Another consideration is that MongoDB’s
ObjectID type has strange behavior when cast to strings in certain contexts, like moving MongoDB objects to PostgreSQL. It’s a good idea to centralize one function to cast all your model fields, ready for PostgreSQL persistence. This also speaks to another issue in migrating MongoDB data to PostgreSQL: MongoDB data is almost always unstructured in nooks and crannies. It’s a great benefit in the right context, but I would sanitize and normalize every value in the mapping for step #3.
I used the
uuid-ossp PostgreSQL extension to mirror MongoDB’s uuid creation for models. Just make sure to enable it (
CREATE EXTENSION IF NOT EXISTS...) and set it as the default for your column(s).
Narro hasn’t actually reached step #7. I found that there are still some things PostgreSQL can’t do.
When I built out Narro’s public API, I built in rate-limiting backed by the MongoDB datastore.

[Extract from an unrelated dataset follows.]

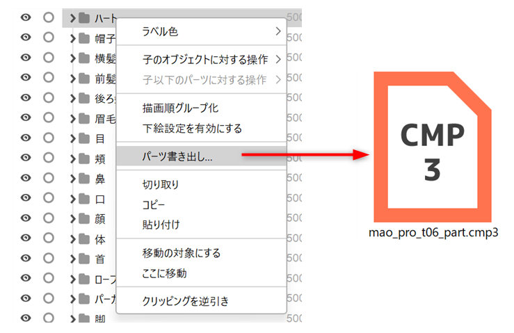 パーツを選択した状態で右クリックし、コンテキストメニューから[パーツ書き出し]をクリックすると、モデルの一部をパーツデータ(.cmp3)として保存します。

The leaky-bucket model was built around the TTL index feature in MongoDB, which made the business logic clean and performant. This was actually extracted into a library,
mongo-throttle. I couldn’t find such a feature that exists in PostgreSQL (most people will recommend ‘expire-on-insert’ triggers) that can run automatically. For now, Narro’s rate-limiting still operates on the MongoDB storage.
The PostgreSQL datastore is more performant than the same MongoDB datastore. Map-reduce queries have been replaced by group-by and joins. Aggregation pipelines have been replaced by window functions and sub-selects. The old is new again.
“Wait” has almost always meant “Never.”
I keep a running list of my own feature requests for Narro, aside from those of members. One of the first things I wrote down a year or more ago was to migrate the storage to PostgreSQL. It was always in my intentions, but rarely in my heart to make the effort and devote the hours. I’m now grateful for something to push a change.